Recently I was at a talk by Prof David Nicholas project lead of the JISC funded Google Generation project which got a lot of attention in 2008 (the one that highlights most search is broad and shallow; users don’t go beyond first page of results, 40% never return to a site, rarely going beyond the first 3 pages etc etc)
During David’s presentation he kept going back to the idea that, historically, search for academic resources was controlled by librarians, they were the gatekeepers. If you needed to do a search you’d take your slip of paper with your keywords and search operators for approval before being allowed on a terminal to try and find what you were looking for. Internet search has obviously changed this. Now you can search almost anytime, anywhere. As a consequence the librarian is largely out of the loop, unable to assist when the person pops in their 2.3 keywords and pulls the handle, hoping they hit the jackpot with what pops out.
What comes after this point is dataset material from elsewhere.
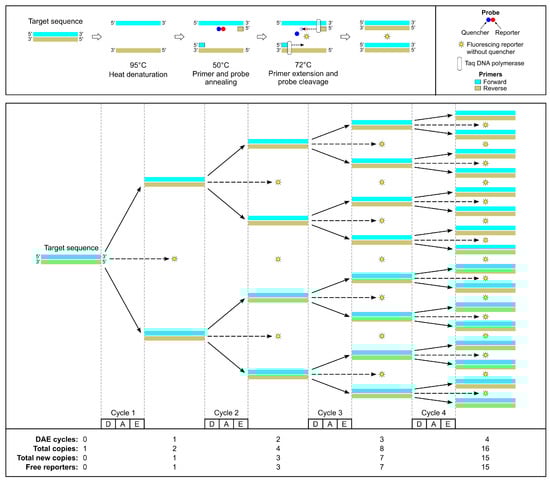 The main steps in target sequence amplification and the corresponding production of fluorescing free reporters with qPCR. (Top) Schematic diagram of the main steps within a single amplification cycle of a target DNA sequence, which comprise denaturation of DNA at 95 °C, annealing of forward and reverse primers and probe at 50 °C, and primer extension and probe cleavage at 72 °C. (Middle) Schematic diagram of four amplification cycles of a target sequence, including production of fluorescing free reporters. D: denaturation; A: annealing; E: extension. (Bottom) Summary of the cumulative numbers of DAE cycles, target sequence copies, and fluorescing free reporters produced in the four amplification cycles shown in the middle panel for the ideal case where amplification efficiency is 100%.

So what has happened is that original awareness mechanism, the slip of paper, has been lost removing the opportunity for the librarian to share their expertise. But whilst librarians secretly plot about how to turn Google off a new awareness mechanism is emerging.
The new slip of paper is something I’ve known about for a while, but it wasn’t until I was listening to David that I understood what it meant. The foundation of this understanding is Tony Hirst’s Joining the Flow – Invisible Library Tech Support (posted in September 2008!!!), which highlights how twitter could be used to “provide invisible support to their patrons by joining in the conversation” . So basically instead of waiting for that slip of paper to cross your desk you go rummaging in the bins trying to find it.
Business is already tapping into this channel below is an example of a recent experience of ‘invisible help’:
[View the story "Invisible helpdesk example" on Storify]
Establishing a Twitter based invisible helpdesk isn’t that hard. All you need to do is setup and monitor a some search keywords and not before long you can find yourself becoming a good Samaritan. I’ve started using Tweetdeck to monitor keywords related to blog posts I’ve written so that I can gorilla market my wares (hmm that might make a good WordPress plugin, attach some keywords as meta data and setup a Twitter robot to play good Samaritan for you). There are also some besoke tools emerging in this area. The main one I know of is the Chrome extension InboxQ, which uses Twitter to help you “find people asking questions about things you know”.
The main problem is whereas people like Zoho have a global operation your library will probably have a limited geography and Twitter is probably still used by the minority of patrons (there are ways around the geography problem like promoting a common hashtag), I still think it’s worth trying to search for those slips of paper.
Join the conversation
You’ve hit the nail on the head I feel. In this social media world where answers are expected 24/7, how can we provide timely, useful responses when needed?
I’m attempting to do some work in this area at Liverpool John Moores Uni, would be more than happy to knock some ideas about to make it useful for the wider sector.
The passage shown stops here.